• [TASK INSTRUCTIONS] Transcribe the line that contains "The skull of" and every line after it to the end of the records, exactly and nothing else. Skip the pictures.

# # # # # # #

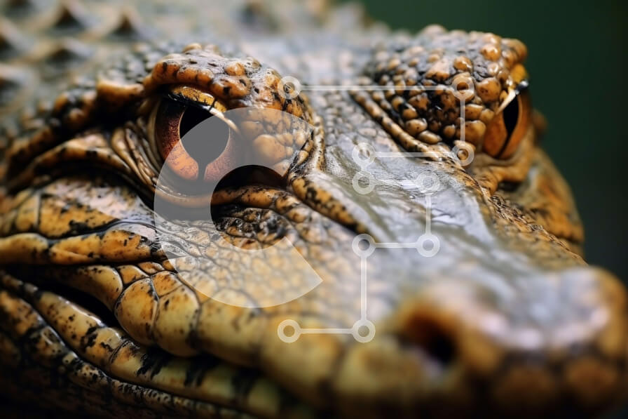 Intra Συλλεκτικό Ξύλινο Παζλ Plywood 4mm - Δυσοίωνη εικόνα του κεφαλιού ενός κροκόδειλου με αιχμηρά δόντια και κοφτερά μάτια που κοιτάζει κατευθείαν την κάμερα Σε Ξύλινο Κουτί - Διαστάσεις: 10x10 cm – 25 κομμάτια
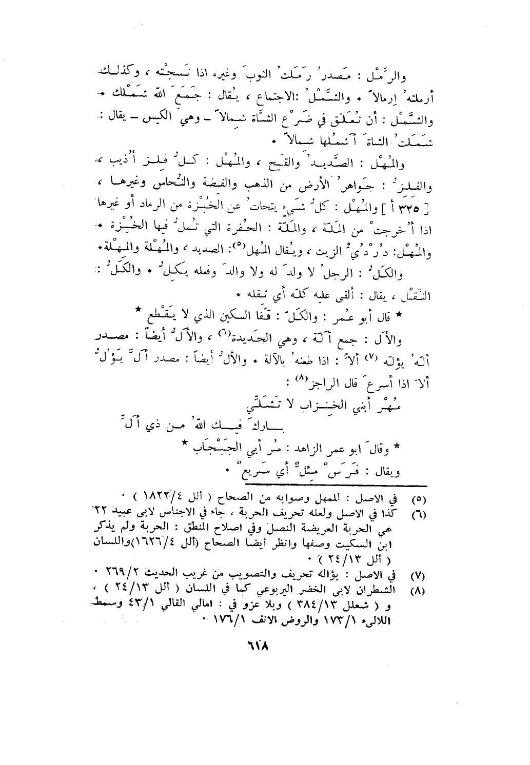 والمهل: الصديد والقيح، والمهل: كل فلز أذيب، والفلز: جواهر الأرض من الذهب والفضة والنحاس وغيرها، والمهل: كل شيء يتحات عن الخبزة من الرماد أو غيرها إذا أخرجت من الملة، والملة: الحفرة التي تمل فيها الخبزة.
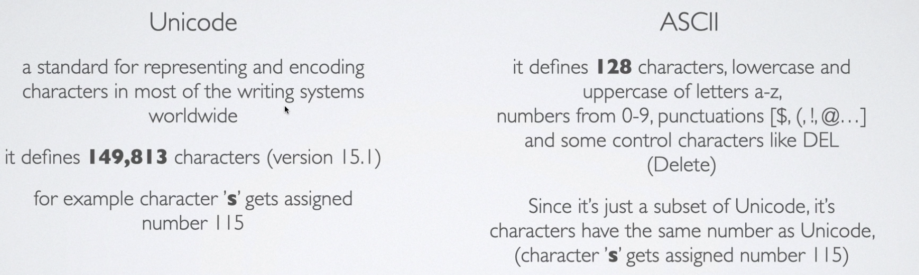 - Ascii 是 Unicode 的一个子集
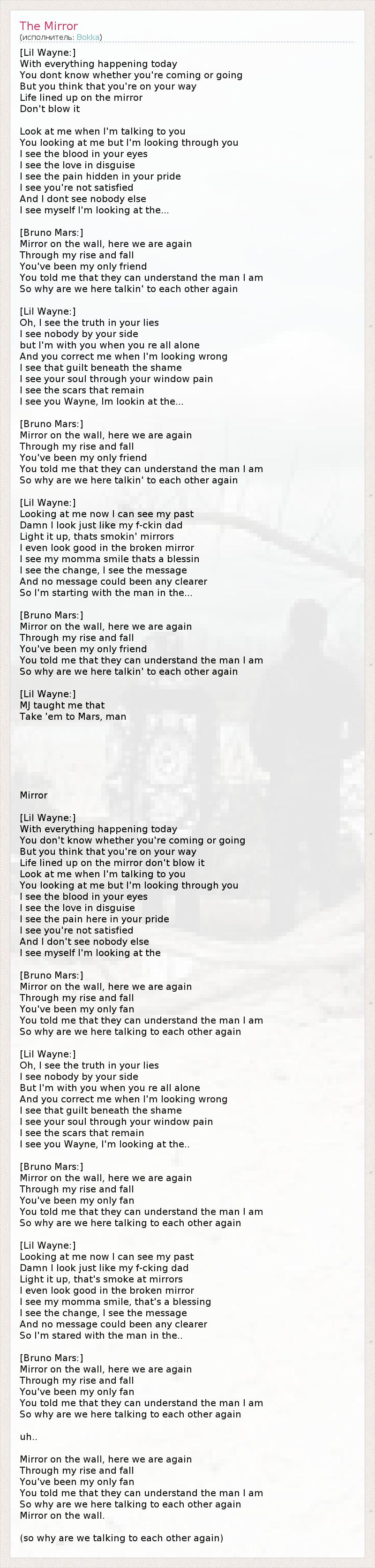 А как ты думаешь, о чем песня "The Mirror" ?
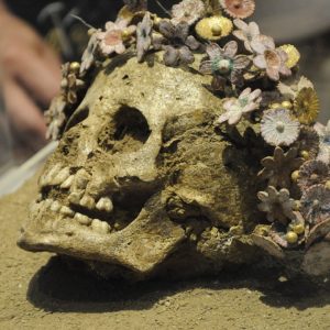 The skull of an Ancient Greek girl with a ceramic flower wreath has been discovered. These remains have been dated circa 400 to 300 B.C. This skull currently resides in…
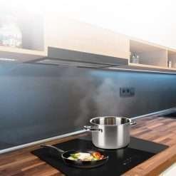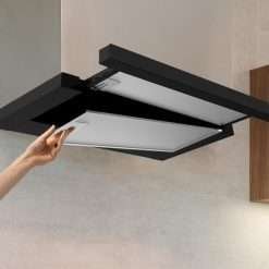 Campana extratora telescópica Flux TLM 603500 Black A de 60cm de ancho, acabado negro, potencia succión 350m3/h, Motor 70W, Clase A, control mecánico, 3 niveles de potencia y filtro de carbono.
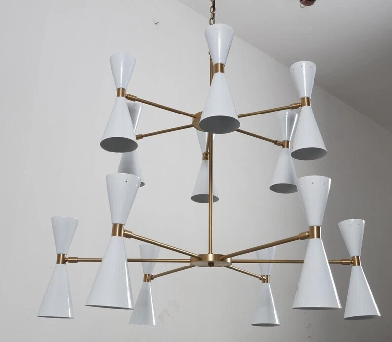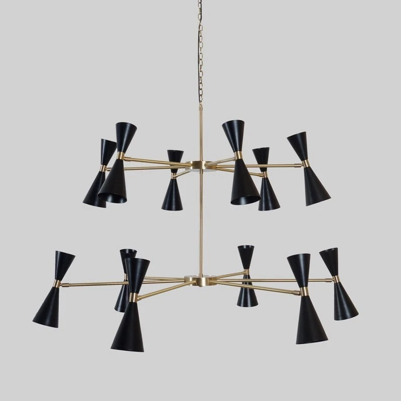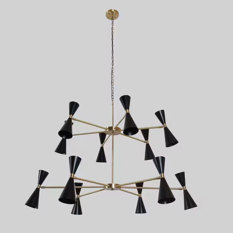 Finish: Antique Brass EC Range: A+++ - G MPN: NA Features: Dimmable, Height-Adjustable Energy Star: 5 Stars Output Voltage: 220 V Brand: Sputnik Control Style: Wall Switch Light Direction: Upwards, Downwards Style: Mid-Century Modern LED String/Strip Type: NA Lighting Technology: Compact Fluorescent Lamp Country/Region of Manufacture: India Sensor Type: Light Era: Mid 20th Century (1941-1969) Room: Attic, Bar, Bedroom, Closet, Dining Room, Living Room, Porch, Study IP Rating: IP20 Assembly Required: No Shade Shape: Cone Number of Lights: 24 Type: Chandelier Color: Black Light Color: White Power Source: Hardwired Number of Settings: 14 Installation Area: Indoor Material: Brass Voltage: 120 V Department: Adults Year Manufactured: 2024 Amperage: 6 A

# # # # # # #

• [YOUR SOLUTION]
 The skull of an Ancient Greek girl with a ceramic flower wreath has been discovered. These remains have been dated circa 400 to 300 B.C. This skull currently resides in…
 Campana extratora telescópica Flux TLM 603500 Black A de 60cm de ancho, acabado negro, potencia succión 350m3/h, Motor 70W, Clase A, control mecánico, 3 niveles de potencia y filtro de carbono.
 Finish: Antique Brass EC Range: A+++ - G MPN: NA Features: Dimmable, Height-Adjustable Energy Star: 5 Stars Output Voltage: 220 V Brand: Sputnik Control Style: Wall Switch Light Direction: Upwards, Downwards Style: Mid-Century Modern LED String/Strip Type: NA Lighting Technology: Compact Fluorescent Lamp Country/Region of Manufacture: India Sensor Type: Light Era: Mid 20th Century (1941-1969) Room: Attic, Bar, Bedroom, Closet, Dining Room, Living Room, Porch, Study IP Rating: IP20 Assembly Required: No Shade Shape: Cone Number of Lights: 24 Type: Chandelier Color: Black Light Color: White Power Source: Hardwired Number of Settings: 14 Installation Area: Indoor Material: Brass Voltage: 120 V Department: Adults Year Manufactured: 2024 Amperage: 6 A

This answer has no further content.